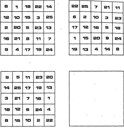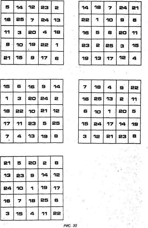 Урок восьмой. Тренировка внимания. Быстрое чтение требует повышенного внимания. Особенность предложенных здесь упражнений в том, что они требуют большого периода времени для тренировок. Устойчивый навык сосредоточения формируется медленно. Одно из эффективных упражнений для тренировки внимания — созерцание точки — мы уже рассмотрели ранее. Ниже предлагаются дополнительные упражнения для тренировки внимания. УПРАЖНЕНИЯ ДЛЯ РАЗВИТИЯ УСТОЙЧИВОГО ВНИМАНИЯ Упражнение 1. Возьмите небольшой предмет (монету, обручальное кольцо или перстень), рассмотрите его повнимательней в течение 1—1,5 мин. Уберите предмет и опишите его (письменно). Вы должны описать предмет очень подробно. Затем посмотрите на него снова, выявите ошибки и дополните описание. Постепенно переходите к более сложным предметам (часы, авторучка, настольная лампа) и затем к картинам знаменитых художников. Обязательно сверяйте описанное вами изображение с оригиналом. Стремитесь до тонкостей до малейших подробностей описать предмет. При тренировках на картинах художников развивайте в себе чувство образного мышления по схеме: от ощущений к настроению и от настроения к состоянию. Упражнение 2. Здесь используются таблицы Шульте, с которыми вы уже тренировались. Дополнительно к комплекту таблиц нужно сделать три шаблона-маски (см. рис. 32). Это лист плотной бумаги, который по размеру совпадает с таблицей Шульте и в котором произвольно вырезаны окошки (соответственно пять, семь, девять). Шаблон-маску накладывают на таблицу Шульте — в окошках теперь будут видны пять, семь или девять цифр очередной таблицы в зависимости от типа шаблона. Наложив шаблон на таблицу на 5 — 10 с, всмотритесь в цифры в вырезах шаблона, затем, закрыв их, запишите по памяти и проверьте правильность ответа. Начинать тренировки следует с шаблоном, имеющим пять вырезов, затем семь и, наконец, перейти к тренировкам с шаблоном, имеющим девять вырезов. Постепенно сокращайте время наблюдения и доведите его до 5 с.
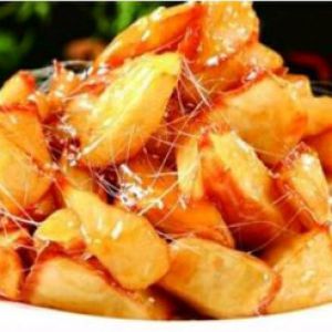 在锅中放入适量的白糖,加一点点水,小火熬成糖浆,等糖变色冒泡,加入刚刚炸好的红薯迅速翻炒,关火冷却一下,就可以出锅啦☆
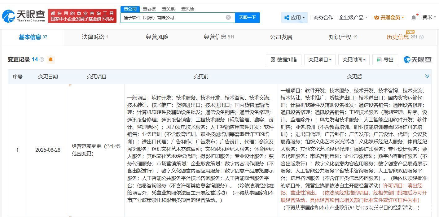 天眼查工商信息显示,近日港联证券港联证券,锤子软件(北京)有限公司发生工商变更,经营范围新增演出经纪、营业性演出。
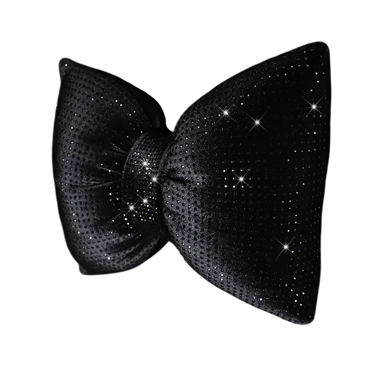 Povrch polštáře je zdoben třpytivými kamínky, které vytvářejí výrazný efekt a dodávají celému doplňku jedinečný styl. Tvar mašle není pouze dekorativní, ale také funkční – rozšířené boční části umožňují pohodlnější opření během jízdy. Polštář tak spojuje estetiku s praktickým využitím.
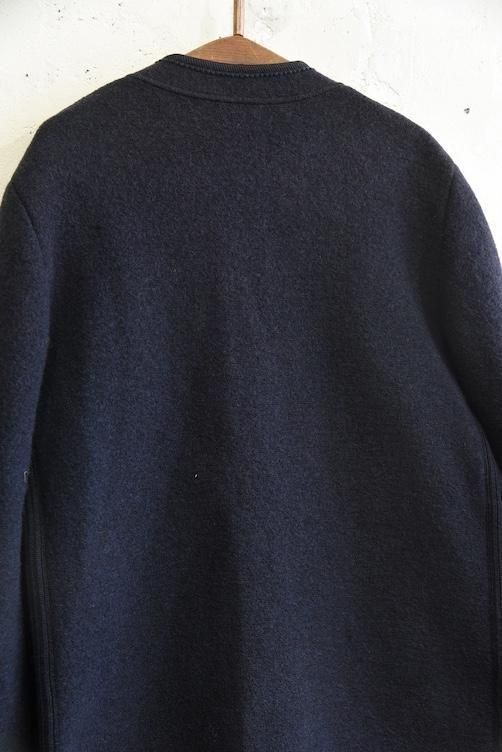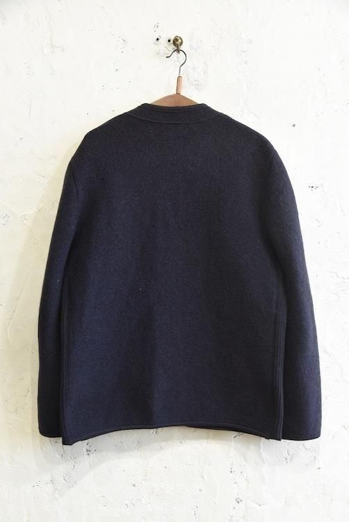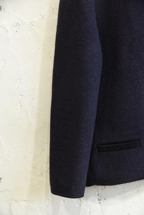 落ち着いたネイビーカラーに、上質なボイルドウールのふっくらとした質感が映える、温かみと品格を兼ね備えた一着です。
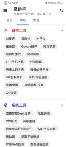 易助手是一款功能丰富的系统工具软件,众多实用功能,为用户带来诸多便利。其工具箱包含超100项功能,在同类工具软件中数量领先。软件功能划分为日常工具、系统工具、图片工具、查询工具、提取工具等八大类别。其中许多功能都十分实用,例如刻度尺、指南针、水平仪、LED手机字幕、计算器等工具,都能为用户提供便捷的服务。
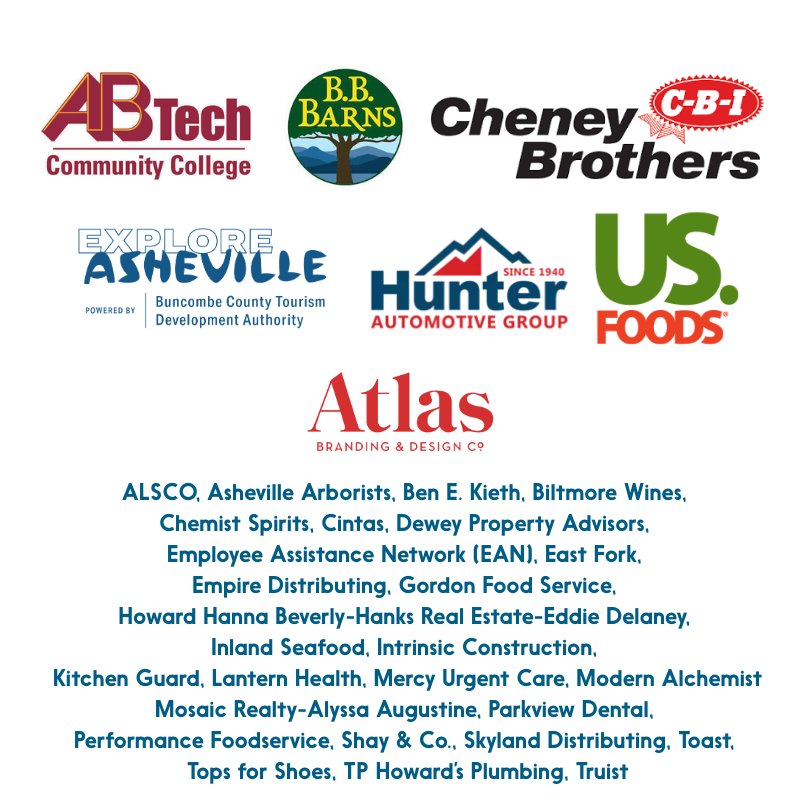 Participating restaurants include (list subject to change): Asheville Area Food Guild, Asheville Forager, Baked Pie Company, Biltmore Winery, The Bier Garden, Biscuit Head, Botanist and Barrel Tasting Bar and Bottle Shop, Burial Beer Co/ VISUALS Wine, Chai Pani Restaurant Group, Chemist Spirits, Chestnut, Copper Crown, Corner Kitchen, Crusco, Cúrate Tapas Bar, Daphne's Catering, Dynamite Roasting Co., Empire Distributors of NC, Farm Burger Asheville, French Broad Chocolates, The Funkatorium by Wicked Weed, Gan Shan AVL, Gemelli, Grey Eagle Taqueria, Gypsy Queen Cuisine, Hickory Nut Gap, Highland Brewing, The Hop Ice Cream, Huli Sue's BBQ and Grill, Jargon, Jerusalem Garden, Jettie Rae's Oyster House, The Lobster Trap, Luella’s Bar-B-Que, Modern Alchemist, Mountain Valley Spring Water, Old Europe, Pack's Tavern, Posana, Quench! Wine Bistro, Red Fiddle Vittles, Red Ginger, The Red Stag Grill, regina's westside, RendezVous French Comfort Food, Roll Up Herbal Bar, St. Rains, Sage and Spice, Salt Face Mule Brewing Company, Skyland Distributing, Strada Italiano, South Paw AVL, Sunny Point Cafe, Tall John's, Tupelo Honey, Twisted Laurel Downtown, Twisted Laurel Weaverville, Vinnie's Neighborhood Italian, Well Played Board Game Café, The West End Bakery, White Labs Brewing Co.
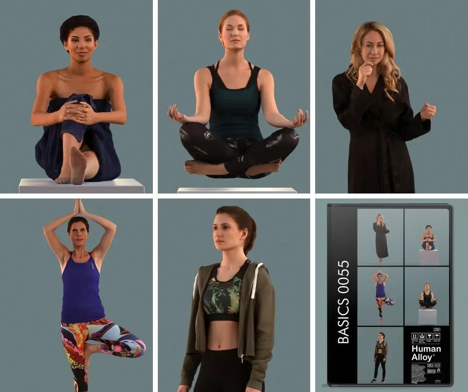 Most of the times 3D people need to blend seamlessly into the background of your visualizations. Human Alloy ‘Basics’ 3D people do just that. They are lightweight, easy to drop in your 3D scene and won’t clog-up your computer and at a appropriate price at that.
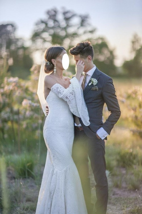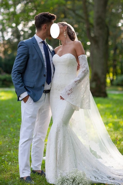 Dodatkowo zamawiane były rękawy (zapinane na kryjący suwak), szyte z tej samej koronki, które dodają wdzięku i elegancji. Dzięki czemu z prostej sukni w stylu Boho, zmienia się w elegacką suknie w stylu Glamour.

======

## [TASK DESCRIPTION]
Beginning with the line above that contains "落ち着いたネイビーカラーに、" and finishing with the line that contains "易助手是一款功能丰富的系统工", print those lines exactly and only. Skip all pictures.

## [ANSWER AREA]
 落ち着いたネイビーカラーに、上質なボイルドウールのふっくらとした質感が映える、温かみと品格を兼ね備えた一着です。
 易助手是一款功能丰富的系统工具软件,众多实用功能,为用户带来诸多便利。其工具箱包含超100项功能,在同类工具软件中数量领先。软件功能划分为日常工具、系统工具、图片工具、查询工具、提取工具等八大类别。其中许多功能都十分实用,例如刻度尺、指南针、水平仪、LED手机字幕、计算器等工具,都能为用户提供便捷的服务。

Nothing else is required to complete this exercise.